6. We now turn to the question referred at the instance of the Revenue. We find that under the contract in question now raw material was in fact purchased by the assessee during the relevant accounting year. The admitted position is that the assessee had merely entered into a contract on August 27, 1974, to purchase copper cathodes at certain rates. An irrevocable letter of credit was opened on September 28, 1974. However, till the last date of the accounting year, no material was received by the assessee. It was received only on March 12, 1975. On that date, according to the assessee, the price went down. On the basis of such change in the price that had taken place after the end of the accounting year, the assessee estimated the loss and made a provision for the same in the accounting year in which the contract had been entered into and claimed deduction for the same in computation of its income for that year. The Income-tax Officer disallowed the claim for deduction which was upheld by the Commissioner (Appeals).
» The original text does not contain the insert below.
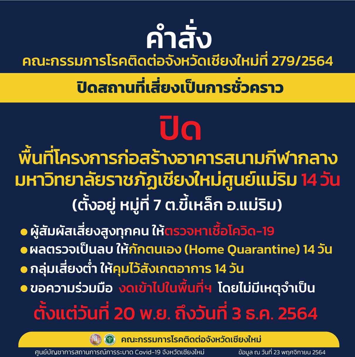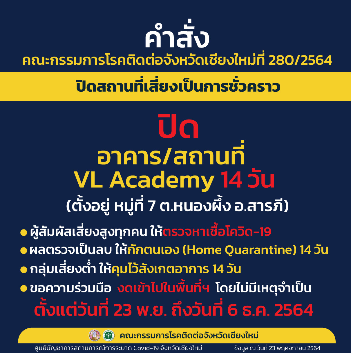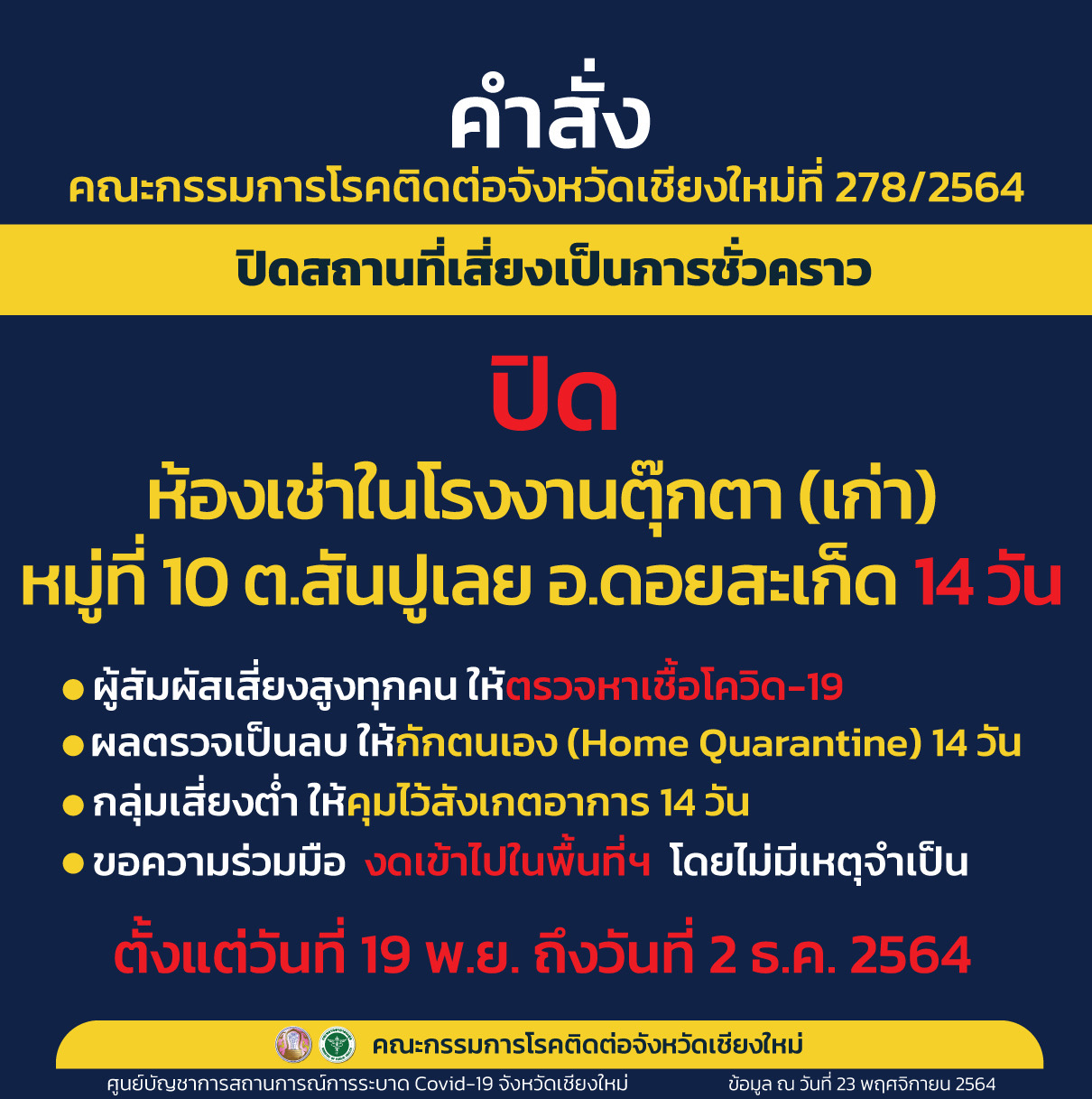 Dorms in a doll factory in Doi Saket’s San Pu Loei sub district will be closed until the 2nd December, a cluster of buildings in Rachabhat’s Mae Rim campus will bev closed until the 3rd December, and VL Academy in Saraphi’s Nong Pheung sub district will be closed until the 6th December.

On further appeal by the assessee, the Tribunal, however, held that such loss to the extent of difference between the price prevailing as on the date of contract and the ruling price on the last date of the accounting year was deductible. Hence, this reference at the instance of the Revenue.
7. We have perused the order of the Tribunal. We, however, find it difficult to agree with the above conclusion of the Tribunal. It is clear from the facts that there was no closing stock of the material in the hands of the assessee. What was there was merely a contract with the M. M. T. C. to purchase the raw material at a future date. No payment was made by the assessee during the accounting year and no property therein passed to the assessee. In such a situation, the materials contracted to be purchased cannot be regarded as the assessee’s stock-in-trade and, therefore, cannot be valued in the accounts as such. We are, therefore, of the clear opinion that the assessee is not entitled to claim any anticipatory loss in such a case where he has merely entered into a contract for purchase of some raw materials and opened a letter of credit for that purpose but neither have the materials been received by him within the accounting year and nor had the property therein passed to him. In that view of the matter, we answer the question referred to us at the instance of the Department in the negative, i.e., in favour of the Revenue and against the assessee.
8. This reference is disposed of accordingly.
9. There shall be no order as to costs.